Metabolic and renal outcomes of empagliflozin in patients with type 2 diabetes mellitus attending Armed Forces Hospital in Saudi Arabia
=======================================================================================================================================

* Ali A. Alshahrani
* Saad S. Al Qahtani
* Abrar S. Al Qahtani
* Saeed M. Mashhour
* Zayed S. Alkhtani
* Yahya M. Alragea

## Retrospective cohort study

## Abstract

**Objectives:** To explore the effects of empagliflozin (25 mg) on metabolic and renal parameters in patients with type 2 diabetes mellitus (T2DM).

**Methods:** This retrospective observational comparative study was conducted at a military hospital in southern Saudi Arabia. All adults (aged >18 years) with T2DM who attended diabetic clinics between October 2021 to March 2022 (6 months), with or without insulin treatment, were eligible for inclusion in the study.

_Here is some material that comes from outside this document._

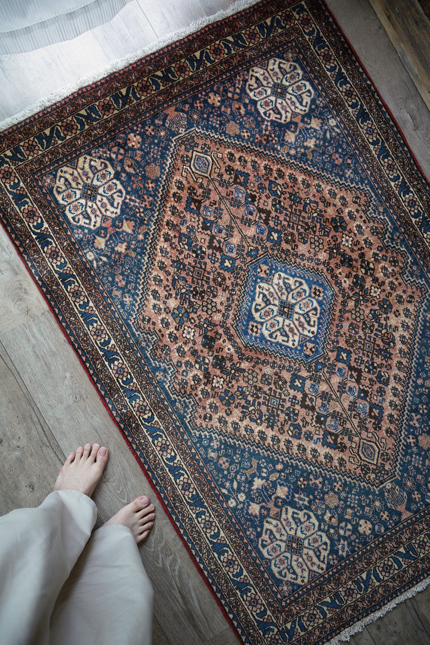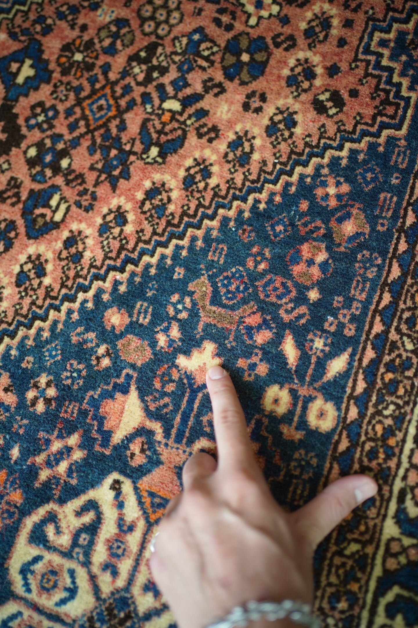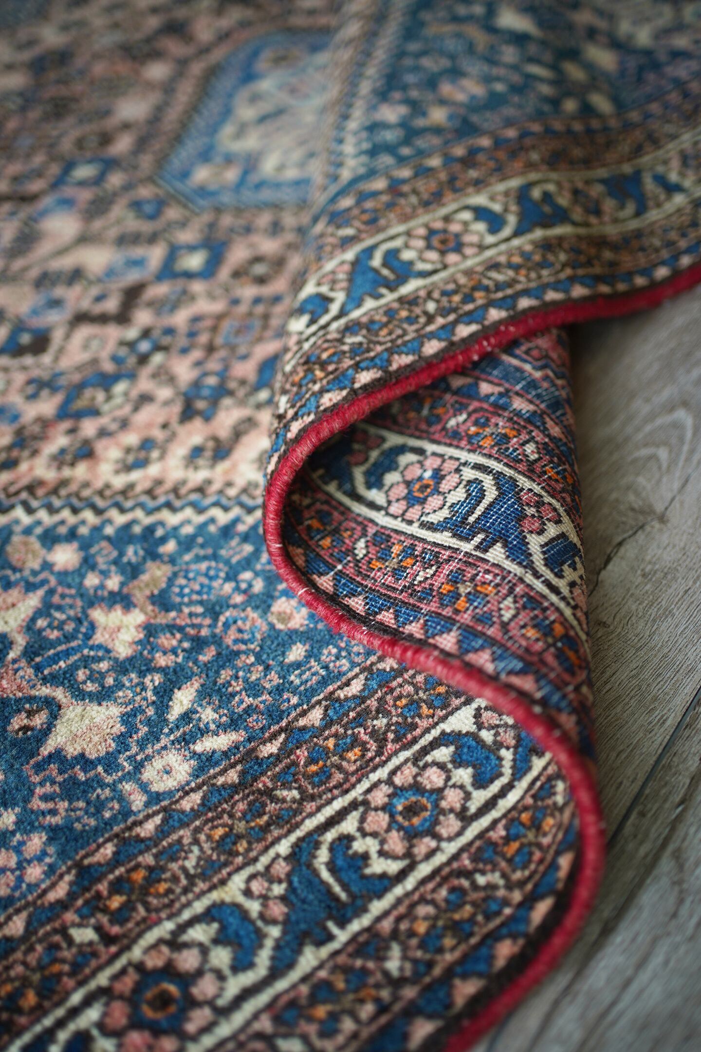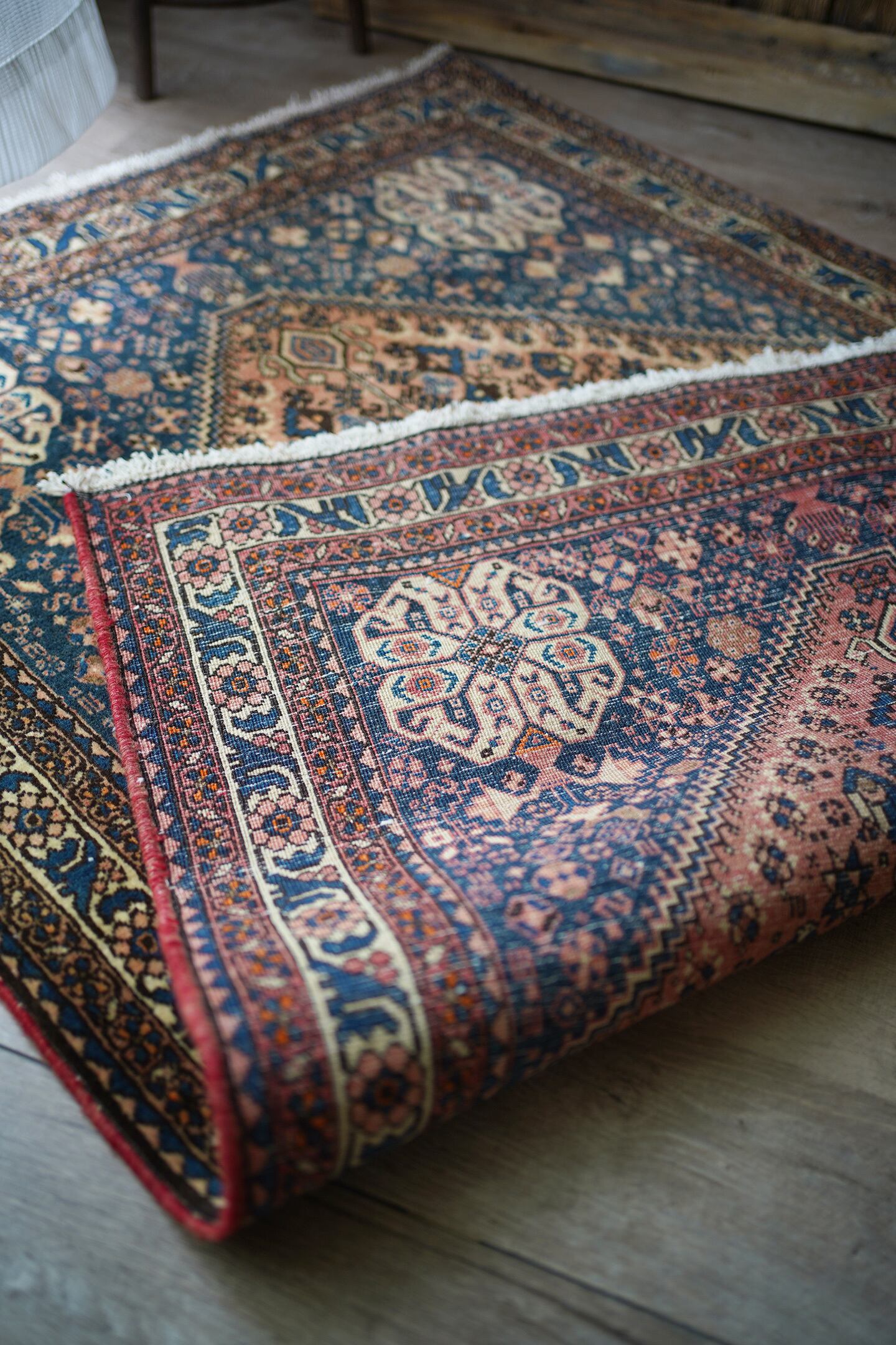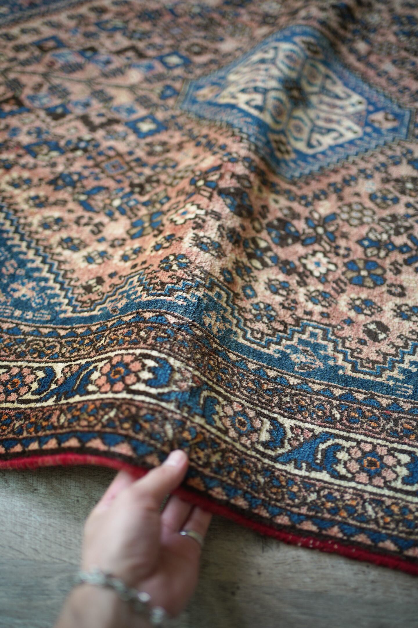 イラン北西部セネ産のクルド族によって織られたセミアンティークラグです。まるで宝石箱をひっくり返したような美しさのこのラグには花紋様をはじめ、八角星や狼の足跡などの繊細な紋様の数々が織り込まれています。可愛い動物も見受けられ、眺めているだけでワクワクするデザイン。配色はオレンジからコーラルピンクへのグラデーションに、ブルーグリーンの美しい色合いが大変素敵です。目の詰まった耐久性のある質感で、毛並みの長さの統一感含めて大変高品質な印象を受けます。ふわサラッとした滑らかな肌触りで、7mmほどの厚みとなります。コンディションも大変良好。毎日目に入る位置にぜひ敷いていただきたい素晴らしいラグです♫

**Results:** Following the initiation of empagliflozin treatment, statistically significant reductions in patient weight (kg) were observed at 1, 3-5, and 6 months. In addition, low-density lipoprotein levels significantly decreased 3-5 months post-treatment initiation (*p*=0.011). However, serum creatinine level decreased gradually with time during the treatment with empagliflozin, from 87.45±31.78 (0.105) to 78.39±27.43 (0.033). Furthermore, after empagliflozin treatment, the urinary albumin-to-creatinine ratio significantly decreased at 3-5 and 6 months. Moreover, HbA1c levels exhibited statistically significant decreases at 3-5 months (*p*<0.001) and at 6 months (*p*<0.001) following the initiation of empagliflozin treatment. Notably, systolic and diastolic blood pressure significantly reduced 6 months after empagliflozin treatment.

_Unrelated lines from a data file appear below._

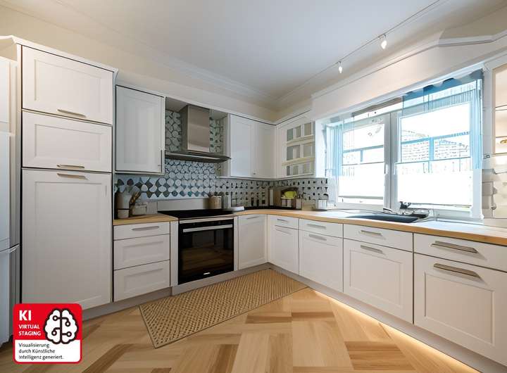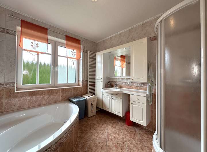 - Fußbodenheizung im Wohnzimmer, Küche, Gäste-Bad, Flur und Badezimmer
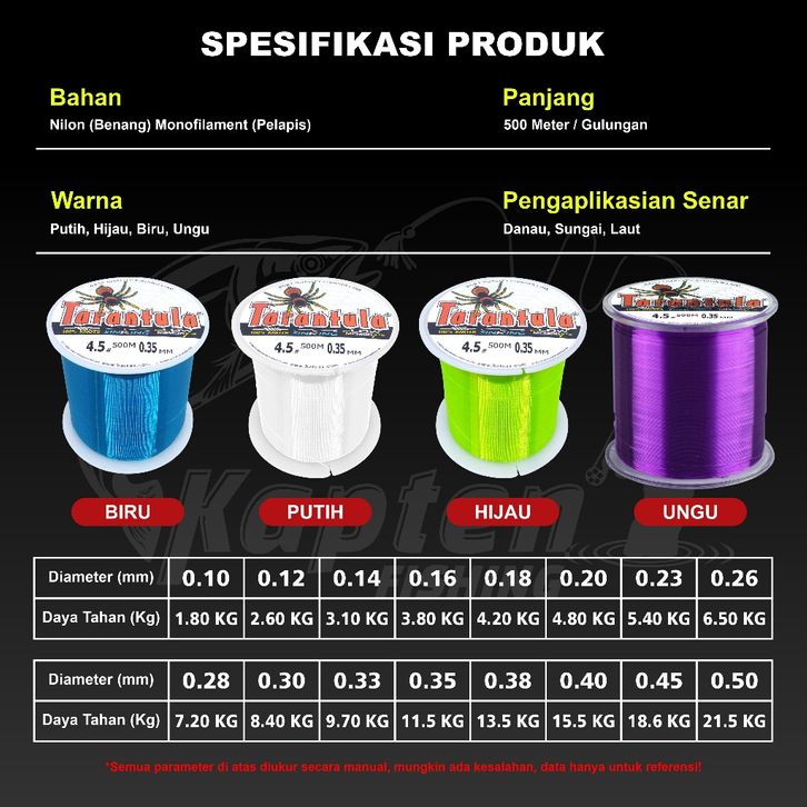 KaptenFishing TARANTULA Meter Nilon Tali Pancing Bahan Nilon Pancing Anti Keriting SuperKuat lagi
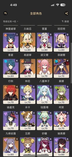 可玩配對眾多 許多角色都有命座 雷神 萬葉 草神 Skk 等等 以及有滿命的神里綾華以及申鶴 詳情請看圖
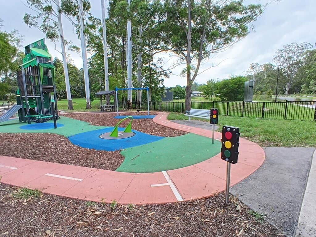 This playground features a great kids scooter/biking area designed to mimic real roads. Complete with traffic signs, traffic lights, and a ‘refueling station’ where kids can stop to ‘fill up’ using the adorable fuel pump. If you have a little scooter enthusiast it’s definitely worth the extra drive to Bridges Hill Park Playground as once they tire of the scooter track they can scooter around on the wide, concrete paths that weave through the playground or play on the amazing array of equipment. Read more about Bridges Hill Park Playground.
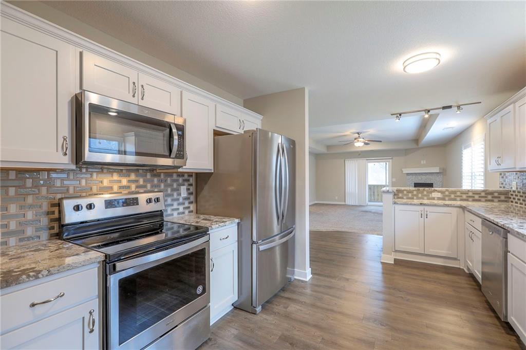 Enjoy easy living in this well-maintained half duplex/ranch style home with quick and convenient highway access plus no steps throughout the home! Built just 8 years ago and lightly lived in, this home offers a bright, open feel all on one level. The spacious kitchen features granite countertops and plenty of room to gather, while the primary suite includes a walk-in closet and double vanity for added functionality. A vaulted second bedroom is filled with natural light, creating a warm and inviting space for guests or a home office. You’ll love the thoughtful touches throughout, including beautiful plantation blinds, low-maintenance siding, and a 2-car garage. Step outside to relax on the covered, screened-in back porch—ideal for enjoying the outdoors in comfort. A move-in ready home that checks all the boxes for easy, low-maintenance living!
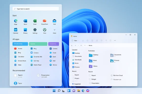 - Responsive Layout: หน้าตาของ Start Menu จะปรับขนาดตามหน้าจอโดยอัตโนมัติ บนจอขนาดใหญ่จะแสดงผลแอปที่ปักหมุด (Pinned apps) และรายการแนะนำ (Recommended) ได้มากขึ้น
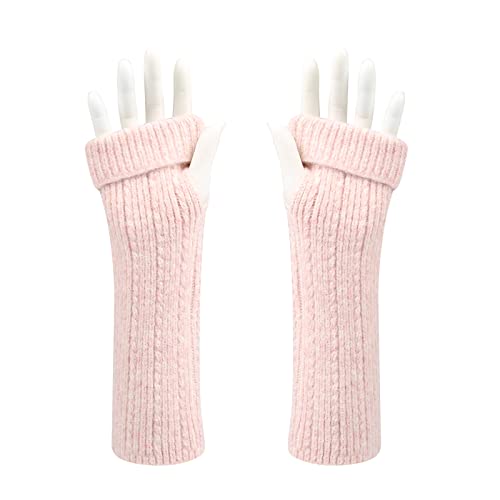 Tjock ull vinter varm mysig handske, stickade armvärmare, långa fingerlösa handskar .., Rosa handske, One Size

**Conclusion:** In the current study, empagliflozin has demonstrated efficacy in controlling blood pressure and body weight, and improving renal function, short-term dyslipidemia, and glycemic control in patients with T2DM.

Keywords:
*   empagliflozin
*   weight
*   dyslipidemia
*   glycemic control
*   renal outcomes

**T**ype 2 diabetes mellitus is a progressive disease.1 Increasing insulin resistance, progressive decline in β-cell function, dysfunctional adipocytes, gastrointestinal incretin defects, increased glucose reabsorption from the kidneys, hyperglucagonemia, and neurotransmitter dysfunction are potential factors contributing to the pathogenesis of diabetes.1 With complex pathophysiology, sodium-glucose cotransporter 2 (SGLT2) inhibitors have a unique mechanism of action, leading to the excretion of glucose via urine and the subsequent lowering of plasma glucose. This mechanism is independent of β-cell function; thus, these agents are effective treatments for T2DM at theoretically any disease stage.2

Evidence from clinical trials shows reductions in glycated hemoglobin (-0.59%) to (-0.82%) with a low risk of hypoglycemia, except when used with insulin or insulin secretagogues, and moderate reductions in body weight (-2.1 to -2.5 kg) and systolic blood pressure (-2.9 to -5.2 mmHg), thus supporting the use of empagliflozin as monotherapy or in combination with other glucose-lowering agents.2

A collaborative meta-analysis of 13 clinical trials involving 90413 participants showed, in addition to the established cardiovascular benefits of SGLT2i, data revealed strong support for their use in decreasing kidney disease progression and acute kidney injury in those with chronic kidney disease or heart failure with or without diabetes.3 Among patients receiving the recommended therapy for heart failure, those in the empagliflozin group had a lower risk of cardiovascular death or hospitalization than those in the placebo group, regardless of the presence or absence of diabetes.3,4 Approximately 2.6 million people were estimated to have received dialysis or undergone kidney transplantation for kidney failure in 2010, and this number is projected to double by 2030.5 Sodium-glucose cotransporter 2 inhibitors can reduce the risk of dialysis, transplantation, and death due to kidney disease in individuals with T2DM and protect against acute kidney injury.6

Although numerous international studies have been carried out on the safety and effectiveness of SGLT2 inhibitor, particularly on cardiovascular and renal outcomes, no study in Saudi Arabia has determined its effectiveness and safety, especially in patients with comorbid diabetes of different races and lifestyles.

## Methods

This retrospective observational comparative study was carried out in the chronic illness clinics of the Armed Forces Hospital, Southern Region (AFHSR), Khamis Mushait City, located in southwestern Arabia. It has a population of 1.353.000, according to the estimated 2017 census.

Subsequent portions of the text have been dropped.